Несмотря на то что Хроульв во всем сознался, в силу какой-то давней традиции его приговорили к семи суткам в камере предварительного заключения, но выпустили уже через трое: даже полиции было ясно, что у этого человека вся жизнь и так – одно сплошное предварительное заключение. Фермер проявил свою поперечную натуру: постоянно требовал, чтоб ему позволили задать корма овцам. Такого человека было просто невозможно запереть на четырнадцати квадратных метрах: он привык к тому, чтоб для ежедневных трудов в его распоряжении была целая просторная долина.
В первую ночь он не мог спать: волновался о своих трех овечках. Хорек о них позаботится? О-о, да он же в кормлении скотины ничегошеньки не смыслит, хух, черт зубастый. Хотя нет, а вдруг его-таки угораздит их покормить, как вчера вечером? Да-да. Какой же он, зараза, невзрачный! И моя Йоура вот с этим вот… – на следующий день он трижды ненадолго погружался в дремоту, а на вторую ночь заснул крепким сном, хотя было жутко неуютно не слышать рядом их – овчушек родименьких. Хроульв сделал открытие: раньше он никогда не спал один. Третья ночь в единственной на весь Фьёрд тюремной камере, пожалуй, была самой трудной в его жизни. Он временно перестал беспокоиться о том, как бы задать сена скотине, даже уверился, что об овцах похлопочет Хорек, – и впервые в жизни у него появилось время и возможность поразмышлять о смысле жизни. Во все остальные двадцать тысяч семьдесят пять ночей жизни его убаюкивали тревоги – тревоги о завтрашнем трудном дне. Борьба за жизнь удерживала его от раздумий о смысле жизни – к счастью. Сейчас он наконец понял, каково приходилось всем этим деревенским дурачкам: плохо. Им слишком легко жилось. Им не надо было вставать ни свет ни заря, чтоб прогнать смерть со двора.

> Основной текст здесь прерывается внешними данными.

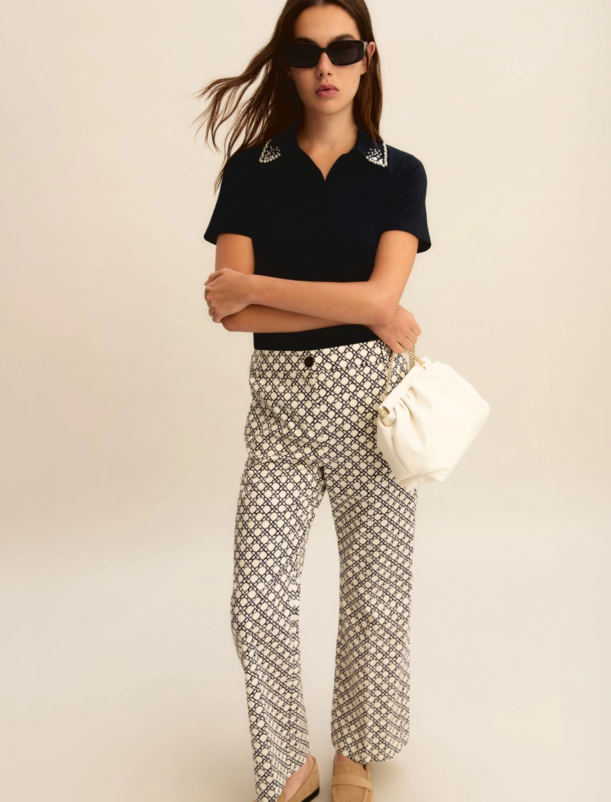EMME MARELLA - PRINTED TWILL TROUSERS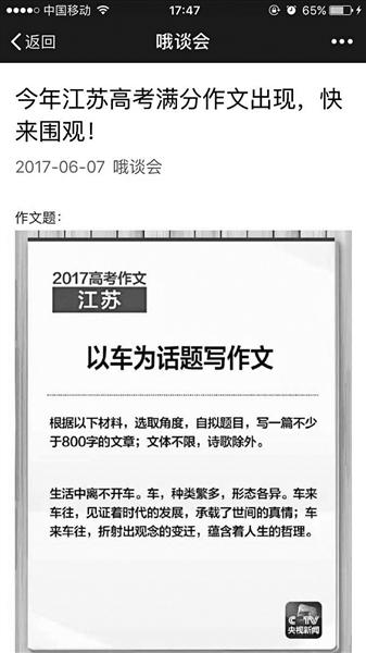 6月7日中午,全國高考語文考試科目結(jié)束,各地高考語文作文題目隨之在網(wǎng)絡上刷屏,據(jù)央視新聞微博消息,江蘇省的作文題目是“以車為話題寫作文”。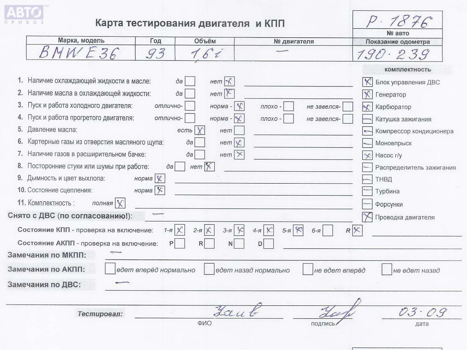 | Автомобиль / VIN: | P1876 WBACA11030AJ40355 |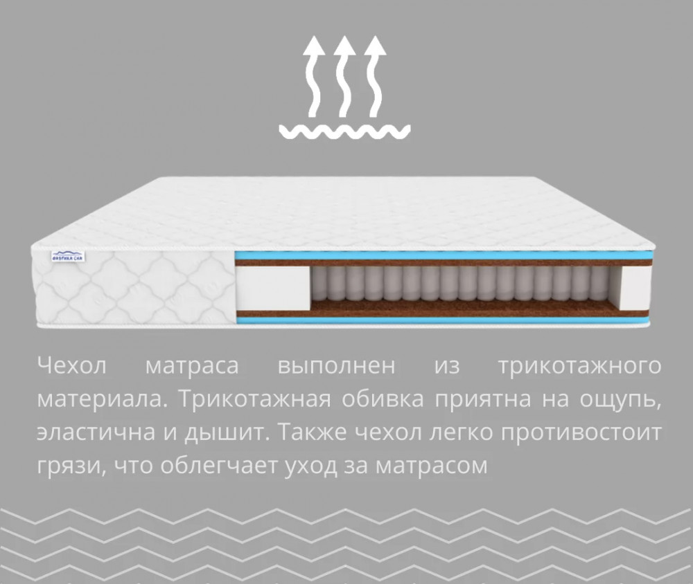 • Чехол в трикотажной обивке: Она легко снимается и стирается, что облегчает уход за матрасом.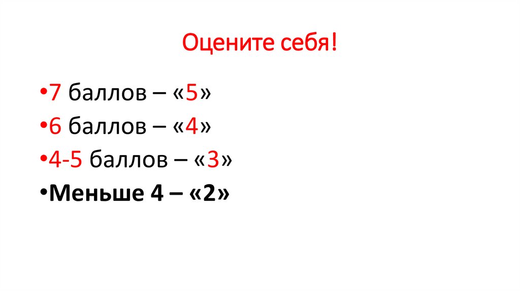 Оцените себя!•7 баллов – «5»

Никчемность и депрессивность – это, видимо, всё изобретения лени. Это называется: людям заняться больше нечем. Например, каково быть вот таким «полицейским»? До обеда он учил ребятишек бегать, а после обеда расспрашивал похмельных мужиков, отчего они вчера напились. Просто ужас: по такому длинному телу до его глупой головы мысли долго идут, – думал фермер-герой, и снова перед глазами у него встали длинные ноги того полицейского.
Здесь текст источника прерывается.